ManagementProfessional Skills

Improve Team Performance in 7 Easy Steps

Most managers are effective at managing motivated self-starters who are compliant and eager to please. If every employee was like that, the manager’s job would be pretty easy – just point the way and they’ll find a way to Get-R-Done!. Unfortunately, perfect people are in short supply. As a manager in the real world, you work with the “Not-so-Perfect” people. This is where you earn your paycheck.

Like most everything else, it helps to have a plan when managing people – a mental model that helps you think through all the facets of management essential to maximizing performance. The Framework for Managing Individual Success©[1] is a mental model that helps you consider each of the seven facets of effective management leading to individual success:

1.    Define Acceptable Performance

The first plank, defining acceptable performance, lets the employee know what needs to be done by defining the goal to be achieved. This is the outcome desired, not the individual tasks to be performed or the outputs to be produced. Defining performance in terms of outcomes helps set the stage for high performance, engages the employee’s mind in the process, and usually results in more engagement and better results.

2.    Set Clear Expectations

The second plank specifies the standards of how much, how high, how often, how well, etc. Too often managers give vague directions and expectations assuming the crew already knows it. Remember, the degree of specificity will be inversely proportional to the level of experience, ability, and motivation of the individual being assigned.

3.    Provide Timely Feedback

The third plank, provide timely feedback, is one that is frequently lacking. A majority of employees I have interviewed in low performing organizations only receive performance feedback annually – and frequently that feedback is not specific enough to be actionable and it is definitely not timely enough. All they know is that they will not be getting the raise they wanted or the promotion they thought they were in line for because of inadequate performance.

Imagine you were trying to improve your golf swing. You are blindfolded and told to hit the ball. Six months later I tell you, you didn’t make the cut because you sliced hard into the woods. The example may be extreme, but I can give numerous examples where individuals have had quality defects in their work and were only informed after the product had been rejected by the customer – and depending upon the time period required for inventory turn, those complaints can be months after the work was completed. And, if the company doesn’t have a sophisticated enough system to trace back the production to the date and operator, the complaints may become aggregated into a large pool and the individual responsible never get specific feedback as to how their performance affected the organization’s delivery on its value proposition. To be effective, feedback needs to be specific, actionable, and timely.

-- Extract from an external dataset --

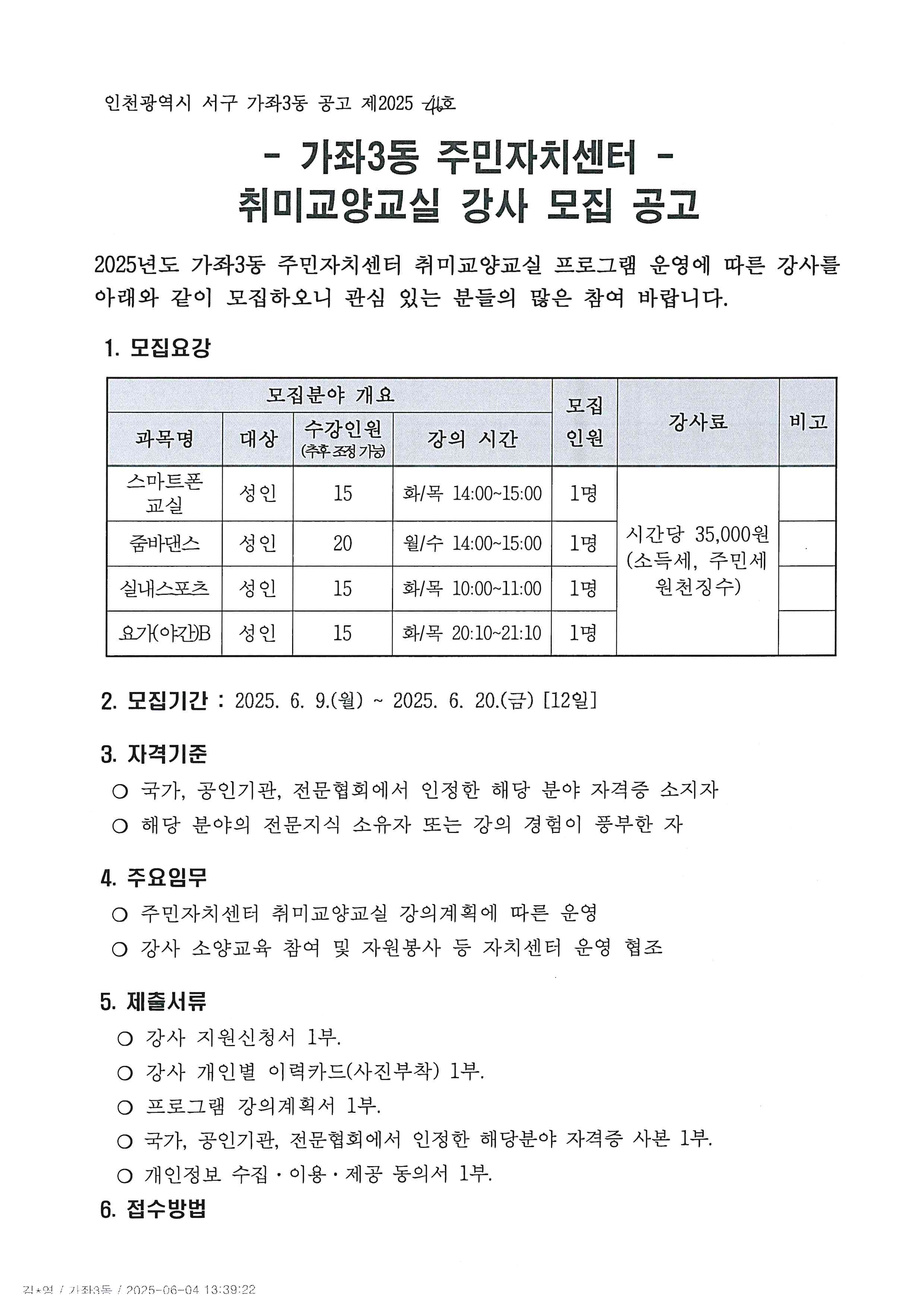 가. 공고명: 2025년 가좌3동 주민자치센터 취미교양교실 강사 모집 공고

4.    Provide Adequate Resources

The fourth plank, provide adequate resources, is a key component driving effective performance. If you want the employees to produce quality products, they need quality materials. If you want them to wear the proper safety equipment, you need to provide it for them. If you want them to complete a task, you need to give them the time to perform the task well. Very frequently organizations give “Unfunded Mandates”. They want the outcome but don’t provide sufficient resources to accomplish the task. Adequate resources could also involve time, funding, manpower, access to decision makers, etc. The list goes on.

5.    Set Performance Conditions

The fifth plank, setting performance conditions, requires management to provide the appropriate balance between rewards and consequences. All too often organizations reward the wrong behaviors. Their incentives don’t align with their directives.

6.    Define Gaps and Train as Appropriate

Define gaps and train as appropriate begins in the Focusing stage (Focusing Element 04) and continues in the Committing stage of organizational development. This is where training professionals utilize the principles of adult learning and systems-based training to greatest effect. This is where the “teachable moment” most frequently occurs.

7.    Sustain with Management Systems

The final plank, sustain with management operating systems, is an ongoing process of designing and developing and refining your systems. Consistent systems thinking is essential to building sustainable high-performance organizations.

Applying the Model

To see the value of utilizing the Framework for Individual Success think about the last time you had a performance problem with an employee. Consider each plank one at a time:

  1. Was Acceptable Performance defined?
  2. Were Clear Expectations set?
  3. Was Feedback provided in a timely manner?
  4. Did the employee have access to Adequate Resources?
  5. Were Performance Conditions set to incent the right behaviors?
  6. Did you take the time to Define Gaps and Train as Appropriate?
  7. Were Management Operating Systems in place, functioning properly, and sufficiently adhered to?

99 percent of the time managers find that they had some level of responsibility for an employee’s failure to achieve. This is not to remove individual accountability. But, let’s be honest, managers need to accept accountability for setting up the conditions for employees to succeed as well. Following these seven simple steps will improve your ability to manage and you’ll rapidly see improvement in team performance.